Note: This article assumes knowledge of how to use and interpret Performance Monitor output.
SQL Server optimisation is at its most basic level a search for bottlenecks. Windows NT Performance Monitor allows the administrator to hunt down these bottlenecks and therefore produce performance gains in SQL Server, it provides easy access to performance information and therefore, a great way into SQL optimisation. Performance Monitor does, however, provide a baffling range of counters, many find it intimidating. (a useful tip is to use the explain button while looking through the counters)
This article covers some of the more important counters with reference to SQL Server. One article couldn’t hope to cover all aspects but at least it might get you familiar enough with the basics of Performance Monitor to allow experimentation.
Its important to remember that you need to use these counters in conjunction with each other to get any sensible results. To change SQL Server configuration options use the sp_configure stored procedure.
There are a number of areas that Performance Monitor can help diagnose, these include:
Processor: % Processor Time
This counter monitors CPU usage. If your using a multiple processor system you can either set up individual counters for each processor, or you can use System: % Total Processor Time. If you are using multiple counters they should ideally be showing similar values. If the counter is in the range 80% – 100%, there may be a problem. Spikes upto 100% are expected and are nothing to worry about, if the counter is constantly above 80% then you will need to take action to discover the cause.
You need to determine if SQL Server is the cause of this high usage, and if it is SQL Server which spid is causing the trouble. Using SQLServer-Users: CPUtime will give you some idea. Once you know which process is causing the trouble you can examine the query design, index usage and database design. The query may well be getting high cache-hit ratios but still require excessive I/O, which eats CPU cycles, look at the table design and index usage. Take a look at using Processor: % Privileged Time below.
If this doesn’t help then try adding faster or more processors to your server. If your system has enough memory to run SQL Server, adding processor power is the best way of increasing overall performance.
Odd as it may seem very low CPU usage is also worth watching for. Although this may seem a little odd low usage can be more of a problem than high usage. Low usage can result from locking contention or your application stalling. The bottleneck in this case is probably your application and not the processor!

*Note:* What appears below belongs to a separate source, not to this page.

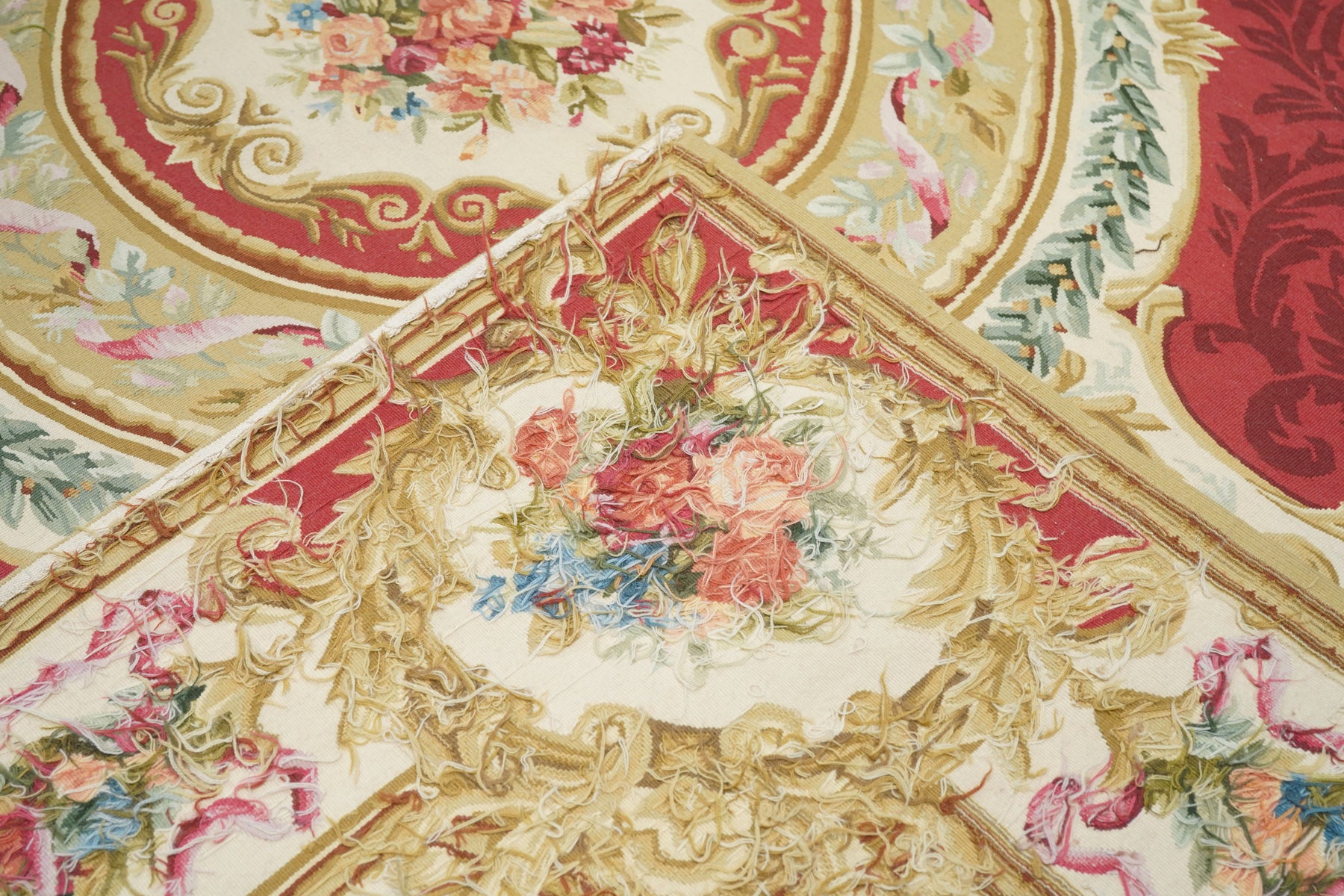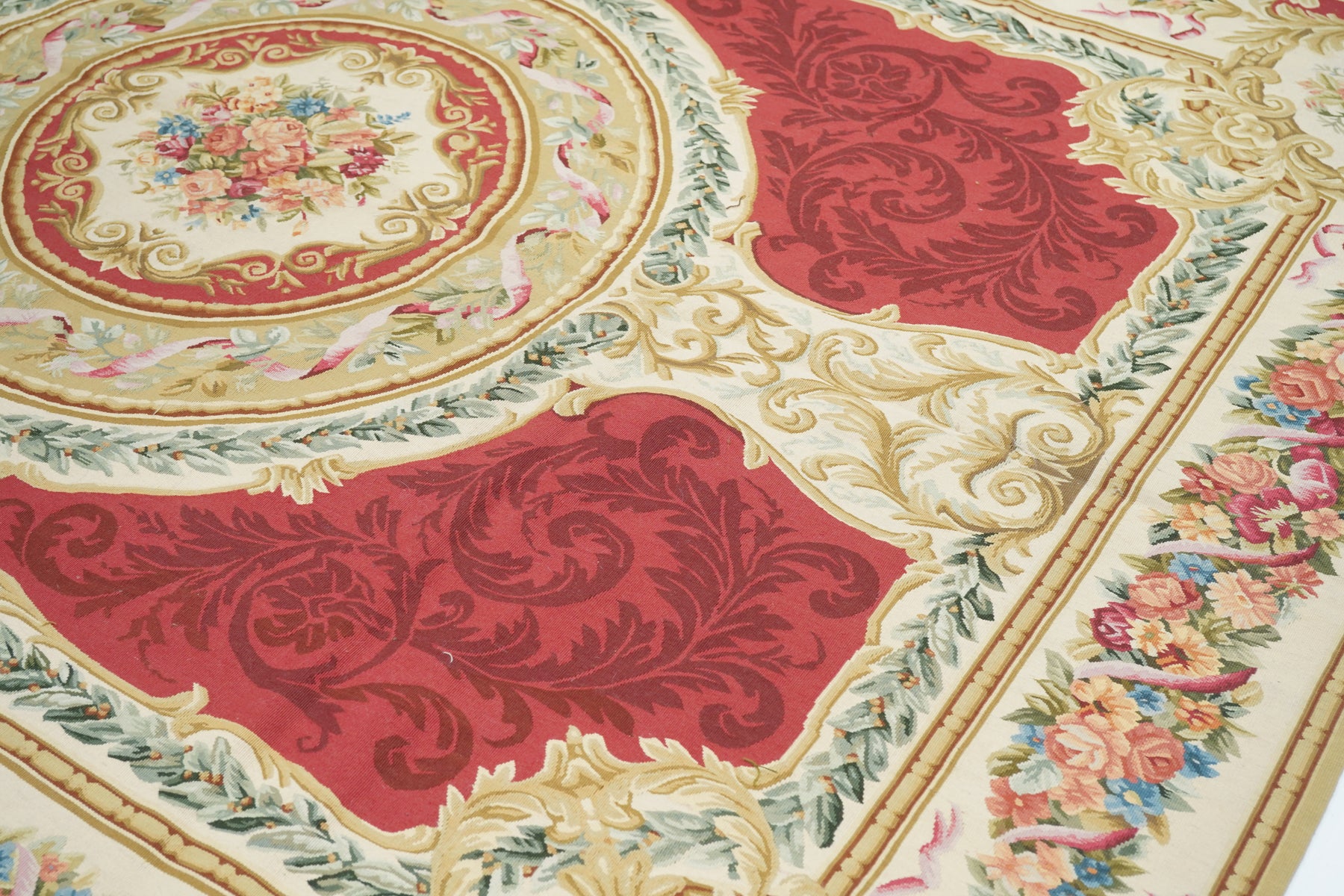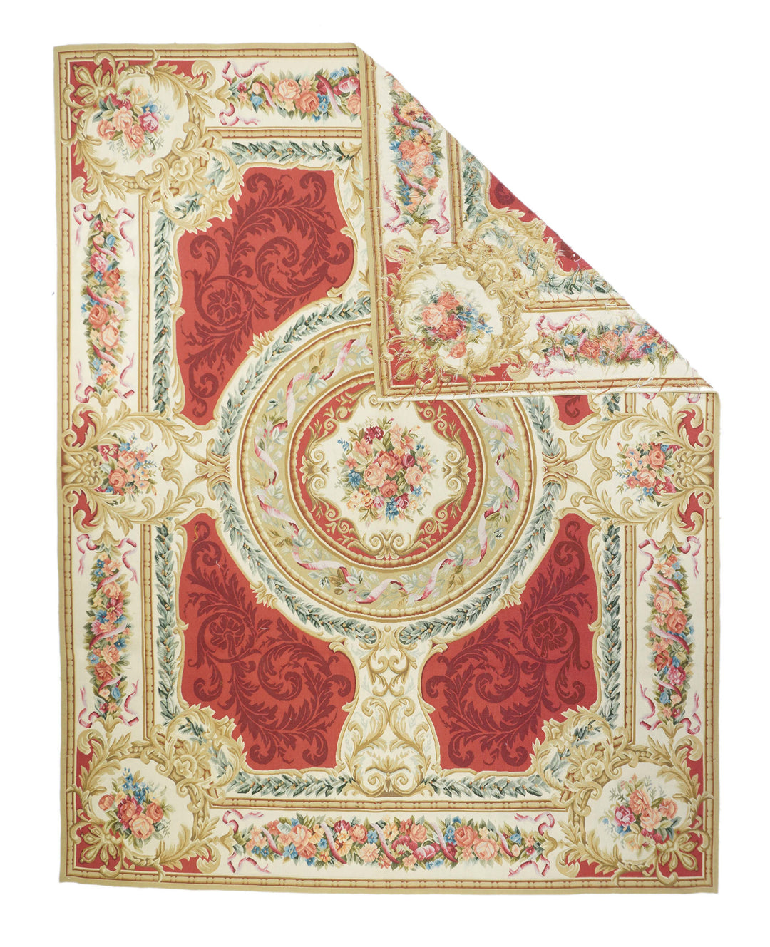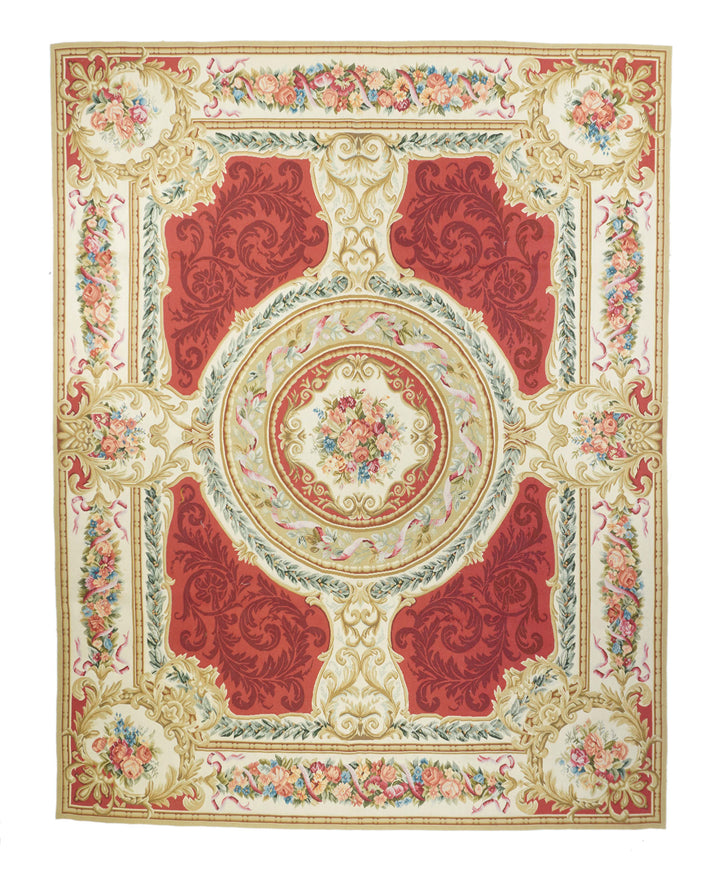 Refers generally to recent carpets in tapestry technique and inspired by French Aubusson designs of the 18th and later centuries. Geometric or semi-floral. Scatters to room sizes. Recent pieces are usually Indian. Wool pattern wefts. Inexpensive to moderate

Processor: % Privileged Time
Excessive I/O can be diagnosed by using Processor: % Privileged Time. If the counter is constantly above 20% and Processor: % Processor Time is below 80% then you may well have a system where SQL Server is producing far too many I/O requests. As above try looking at the database design, but also take a look at your hardware, especially your I/O controller card and NIC. It may also be worth, if your system is not a dedicated SQL Server machine, to schedule I/O / CPU intensive tasks to run during off-peak hours. A more radical approach (and something which shouldnt be attempted unless you understand all the implications) is to move Tempdb into RAM.
System: Processor Queue
Displays the queue for all processors in a system. If this value is above 2 the CPU is a bottleneck. To cure add more processor power or try and reduce CPU intensive tasks as above, also take a look at System: Context Switches/sec below.
System: Context Switches/sec
It is important to remember that context switching is a normal part of any NT system. It occurs when NT or SQL Server has to switch from executing one thread to another, this causes CPU overhead. If System: Processor Queue indicates that there is a bottleneck at the CPU try changing the number of threads being used by SQL Server and monitor the System: Context Switches/sec and System: Processor Queue values.
Process counters are mostly run on the SQL Server process instance, although it can be useful to run some of them against other problem applications.
Process: % Processor Time
Used in conjunction with Processor: % Processor Time to check what process is in fact using the most processor time. Normally run on the SQL Server process, although it is best to run it on any process you might suspect of eating processor time.
Process: Thread Count
Again used on the SQL Server process instance. This counter will display the number of threads currently active. Used with the worker threads configuration option, it is possible to control this value. Use in conjunction with System: Context Switches/sec to optimise CPU usage.
Process: Virtual Bytes
Displays the total virtual memory being used by SQL Server. Useful to see how much memory SQL Server is using or which other applications are memory hungry.
Process: Working Set
This counter shows the amount of memory that has been used by a process. Look out for a total that is below the amount of memory currently allocated to SQL Server. If the Process: Working Set amount is substantially below the allocated memory SQL Server may have too much memory. Try using the working set size configuration option to set working set size to its optimal value.
Process: Page Faults/sec
If this value is greater then 0 then the SQL Server process is producing soft page faults and as a result CPU overhead. Try setting the working set size value to be as close to the SQL Server’s memory allocation.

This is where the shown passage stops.